Southcentral Foundation
- Formation: Tax-exempt since December 1982; 43 years ago
- Type: 501(c)(3)
- Tax ID no.: EIN: 920086076
- Headquarters: Anchorage
- President and CEO: April Kyle
- Net Assets: 1,253,300,424 USD (2024)
- Revenue: 633,740,364 USD (2024)
- Expenses: 511,450,341 USD (2024)
- Website: www.southcentralfoundation.com

= Southcentral Foundation =

Healthcare organization

Southcentral Foundation (SCF) is an Alaska Native healthcare organization established by Cook Inlet Region, Inc. (CIRI) in 1982. The organization provides health and social services to Alaska Native and American Indian people. SCF operates under the ownership, management, and guidance of Alaska Native and American Indian communities.

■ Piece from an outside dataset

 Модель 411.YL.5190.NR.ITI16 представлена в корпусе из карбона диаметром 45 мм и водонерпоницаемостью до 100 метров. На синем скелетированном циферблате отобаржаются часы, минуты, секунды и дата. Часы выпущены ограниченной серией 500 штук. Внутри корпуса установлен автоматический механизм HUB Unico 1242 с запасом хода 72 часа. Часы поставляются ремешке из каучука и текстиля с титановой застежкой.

During the tenure of former president and CEO Katherine Gottlieb, Southcentral Foundation became one of Alaska’s largest federally-recognized tribal health organizations, serving a geographical area of 107413 sqmi. The Foundation provides medical and human services to Alaska Native and American Indian people in the Municipality of Anchorage and the Matanuska-Susitna Borough.

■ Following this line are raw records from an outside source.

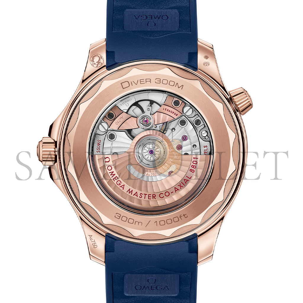 The watch is presented on a blue rubber strap and is driven by the OMEGA Master Chronometer Calibre 8801, which can be seen through the sapphire-crystal on the wave-edged caseback.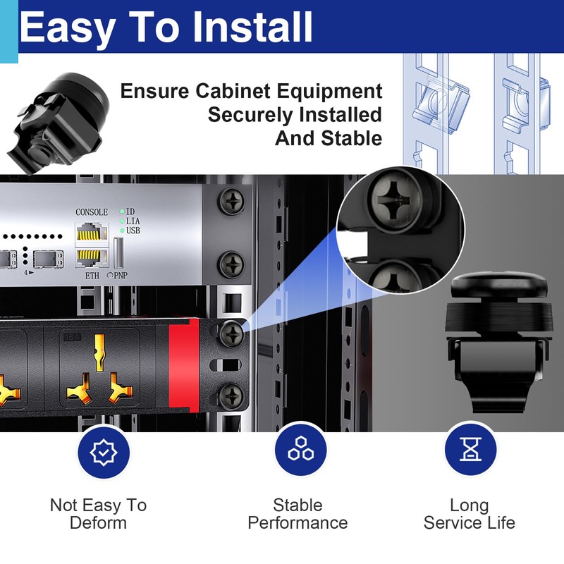 - Complete Kit Contents: This set includes 50 sets of Rack Mount Screws, square cage nuts, black washers, and anti-slip plastic pads—providing a comprehensive solution for installing server racks, cabinets, enclosures, and DIY projects.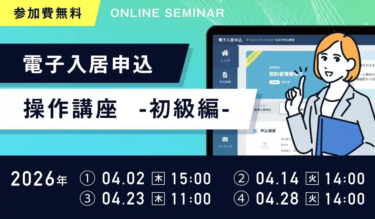 不動産テックを推進する日本情報クリエイト株式会社(本社:宮崎県都城市、代表取締役社長:辻村 都雄、証券コード:4054)は、電子入居申込をご利用中の不動産会社様を対象に、「電子入居申込 操作講座(初級編)」と題した無料オンラインセミナー(以下、ウェビナー)を2026年4月に開催いたします。 |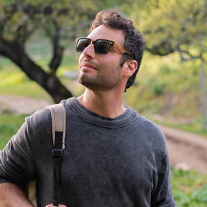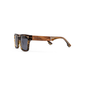 Sunglasses with a cotton-based acetate frame and natural materials combined with wooden temples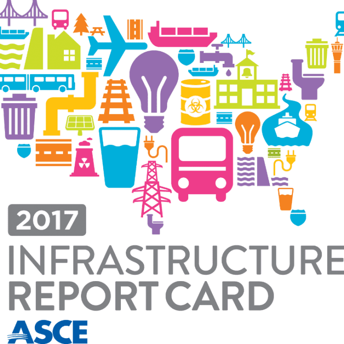 Every four years, the American Society of Civil Engineers’ Report Card for America’s Infrastructure depicts the condition and performance of American infrastructure in the familiar form of a school report  card—assigning letter grades based on the physical condition and needed investments for improvement.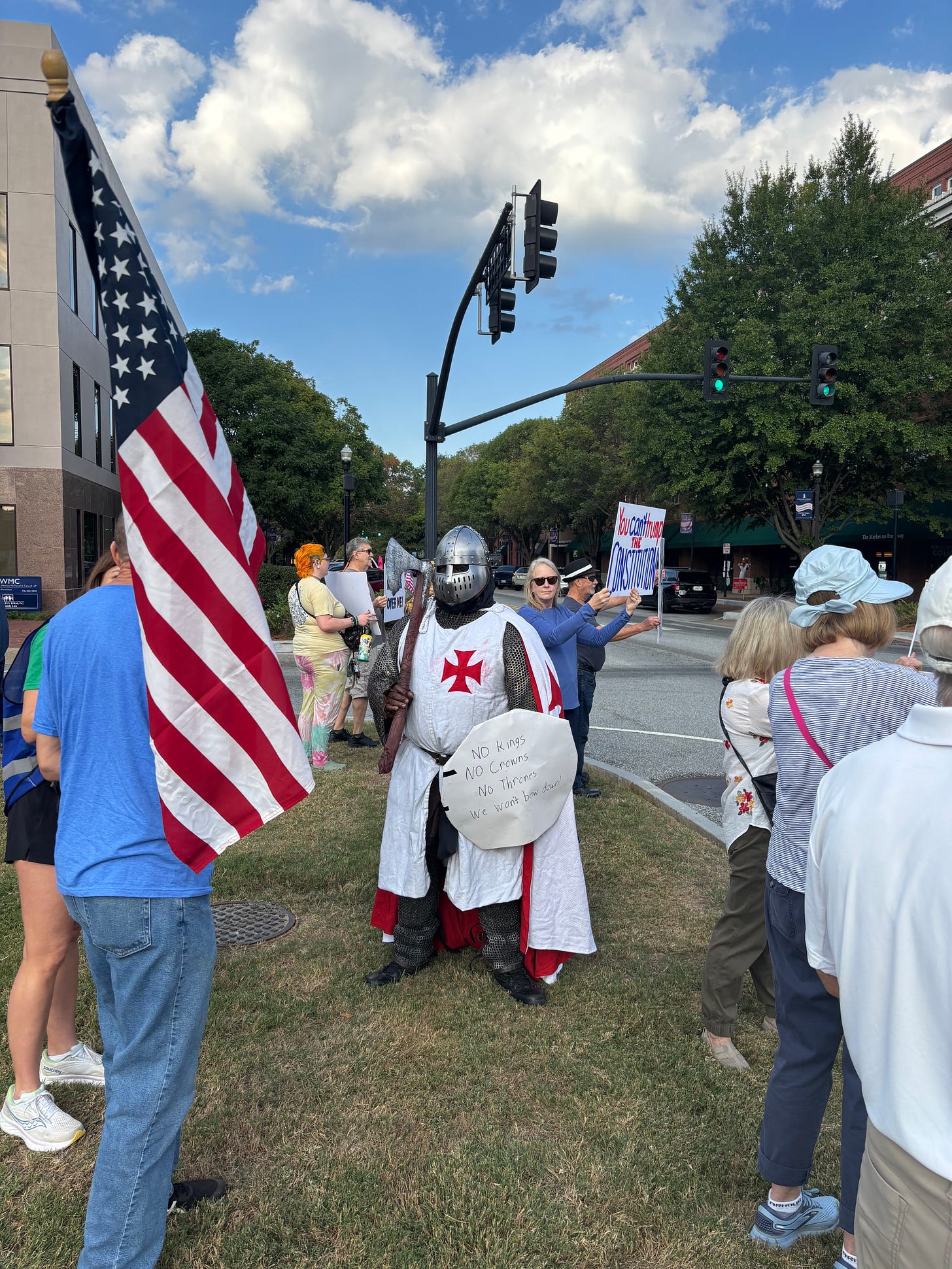 So, I went to the No Kings rally in my town, not sure what to expect. The crowd was larger than I expected with several hundred happy, friendly, polite people of all ages and ethnicities. There were a few people who looked stereotypically leftist, but most looked like people from next door, although some wore costumes. There was a unicorn, a knight, and a man in colonial garb, which may be what made me think of the Tea Party.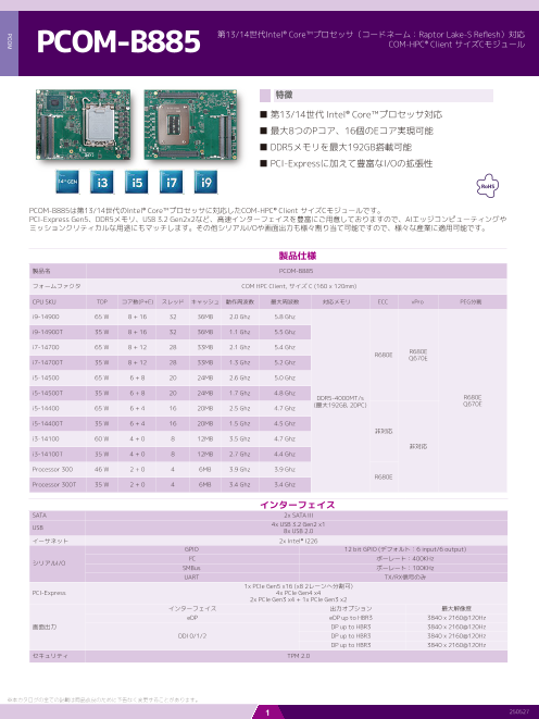 PCOM-B885は第13/14世代のIntel® Core™プロセッサに対応したCOM-HPC® Client サイズCモジュールです。PCI-Express Gen5、DDR5メモリ、USB 3.2 Gen2x2など、高速インターフェイ...

In 1998, SCF assumed ownership and management of the primary care program of the Alaska Native Medical Center (ANMC) in Anchorage, Alaska, United States, and, in January 1999, began jointly managing and operating ANMC, along with the Alaska Native Tribal Health Consortium.

The Nuka System of Care was established by SCF in the late 1990s; as of 2015, it served approximately 65,000 individuals.